If your CSV data has commas embedded in the text fields, then awk
is no longer suitable; you need a tool with explicit support for CSV format — Perl and Python both have suitable modules.
awk -F, 'BEGIN { n = 0; OFS = ","; }
NR==FNR { lo[n] = $1; hi[n] = $2; i1[n] = $3; i2[n] = $4; n++ }
NR!=FNR { i = search($4)
print $1, $2, $3, $4, $5, $6, $7, i1[i], i2[i];
}
function search(i, l, h, m)
{
l = 0; h = n - 1;
while (l <= h)
{
m = int((l + h)/2);
if (i >= lo[m] && i <= hi[m])
return m;
else if (i < lo[m])
h = m - 1;
else
l = m + 1;
}
return 0; # Should not get here
}' file2 file1
Not all that hard to write the binary search. This gives the same result as the original script on the sample data. It has not been exhaustively tested, but appears to work.
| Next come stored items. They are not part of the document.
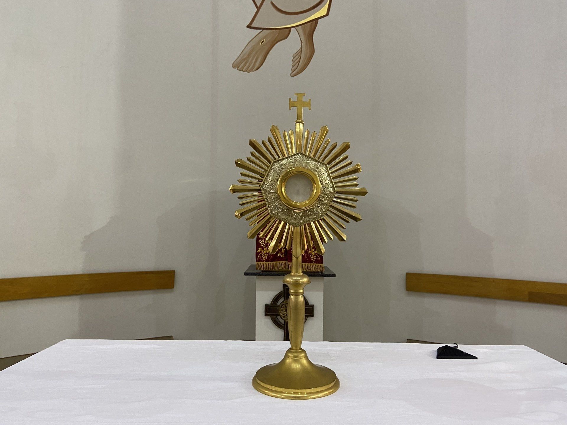 Prepare the Chalice, Ciborium and cruets for the celebration of Holy Mass.
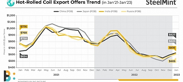 Morning Brief: Global hot rolled coil (HRC) export offers have climbed up in January 2023 to touch six-month highs, shows SteelMint’s data.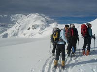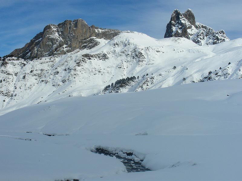Sortis de ce pas périlleux, la vision s’améliore et nous repérons le pic de Canaourouye. Nous nous lançons à sa conquête et nous l’atteignons vers 15h15. La descente est un moment de bonheur, dans une neige poudreuse et en couche épaisse. Chacun interprète sa participation dans l’improvisation de son inspiration, la texture de la neige permettant de se livrer à toutes sortes de fantaisies. La neige douce, fraîche, blanche, étincelante, est un dessert qui se déguste par les spatules.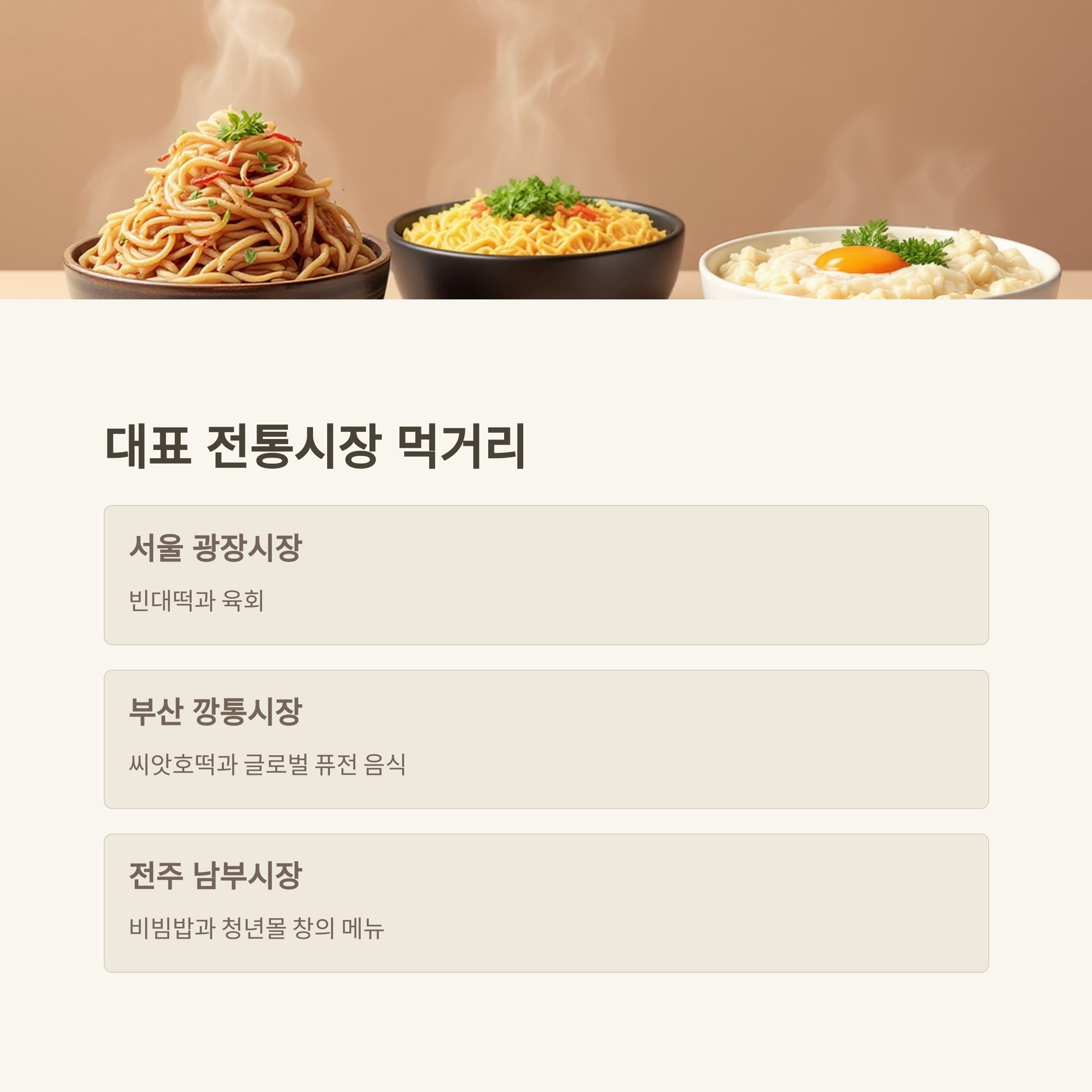 | 대표 시장 | 서울 광장시장, 부산 깡통시장, 전주 남부시장 등 |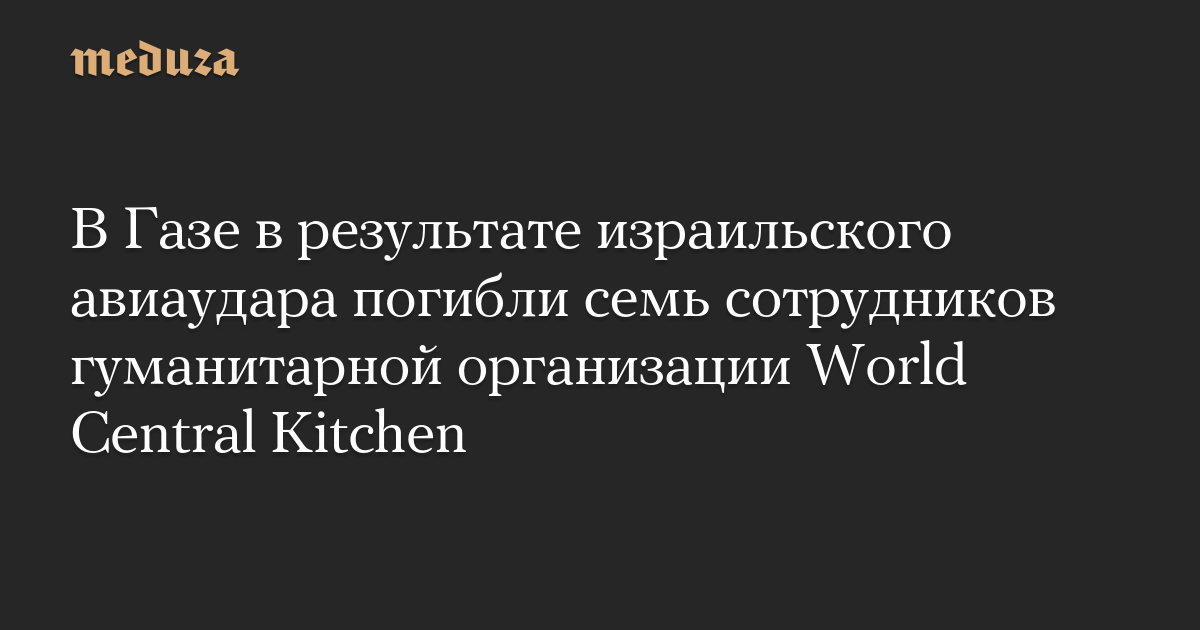 В результате инцидента погибли семь человек, в числе которых граждане Австралии, Великобритании и Польши. В World Central Kitchen назвали атаку «непростительной», подчеркнув, что автомобили конвоя были брендированы логотипами организации, а передвижение осуществлялось в координации с израильскими военными.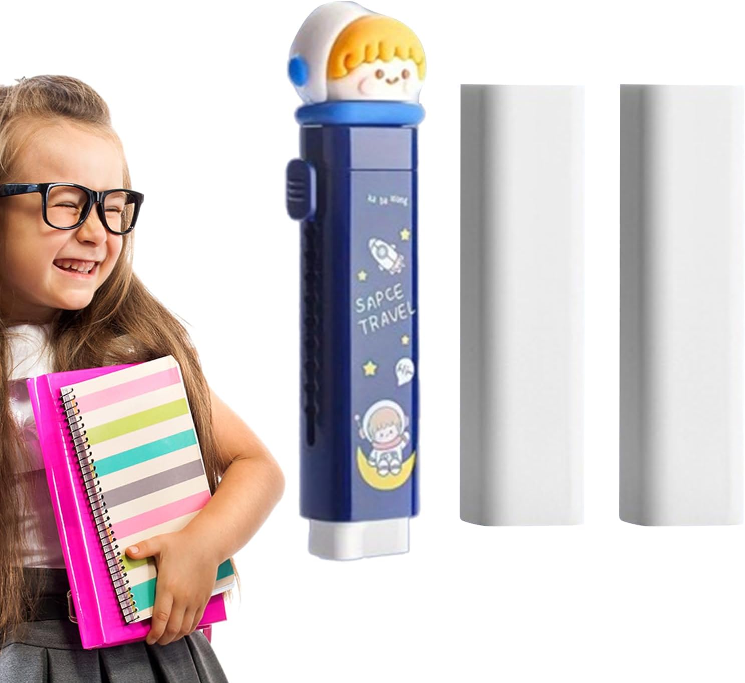 Cancellazione pulita ed efficiente: la nostra avanzata gomma per matita retrattile scorrevole garantisce la rimozione senza sforzo di segni di matita ed errori, lasciando una carta pulita e in ogni momento. Sperimenta le prestazioni di cancellazione senza lasciare tracce o macchie utilizzando la nostra gomma push-pull. Design : migliora la tua giornata con un'affascinante gomma retrattile scorrevole con un simpatico aspetto cartone animato che attirerà immediatamente la tua attenzione. Divertiti a cancellare con un umorismo allegro e rendere i compiti mondani più divertenti. Funzione di scorrimento: far scorrere la gomma verso l'esterno per cancellarla con precisione e scorrere nuovamente verso l'interno per riporlo senza problemi. La funzione di scorrimento della nostra gomma retrattile scorrevole garantisce una cancellazione facile e senza sforzo quando ne hai bisogno. Comodità portatile: la nostra gomma per matita retrattile scorrevole è adatta per i viaggi, con dimensioni compatte per una facile conservazione e portabilità senza sforzo. Mettilo nel tuo sacchetto di cancelleria e portalo ovunque tu vada per cancellare in modo pulito e preciso all'aperto. Molteplici usi: migliora il tuo gioco artistico con la gomma a matita retrattile scorrevole. Il suo design raffinato si adatta perfettamente a qualsiasi ambiente: in aziende, scuole, case e altri luoghi.
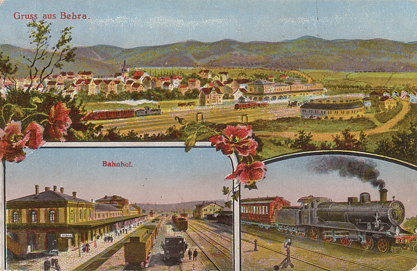 Die am 15.10.1848 eröffnete Strecke Bebra - Guxhagen war die Keimzelle, aus der nach und nach der Eisenbahn-Knotenpunkt Bebra entstand. Die beiderseitige Verlängerung der Strecke nach Haueda bzw. Gerstungen erfolgte bereits am 29.08.1849. Erst mit der Eröffnung der Strecke Bebra - Fulda am 01.10.1866 wurde jedoch die Entwicklung zum wichtigen Knotenbahnhof eingeleitet. Das 1869 errichtete Empfangsgebäude wurde in der Folgezeit ständig erweitert. Von den Ansichten auf dieser Postkarte handelt es sich lediglich bei der unteren linken um eine kolorierte Fotografie. Das obere Bild gibt einen recht brauchbaren Überblick über das gewaltige Ausmaß des Bahngeländes im Vergleich zum Städtchen Bebra, wenngleich die künstlerische Freiheit des Malenden durchaus genutzt wurde. Bei der etwas ungelenk wirkenden Zeichnung der Dampflokomotive unten rechts hat sich der Kunstschaffende von verschiedenen Bauarten der |

Note that the code does not really handle missing ranges in file2
; it assumes that the ranges are contiguous but non-overlapping and in sorted order and cover all the values that can appear in the serial column of file1
. If those assumptions are not valid, you get erratic behaviour until you fix either the code or the data.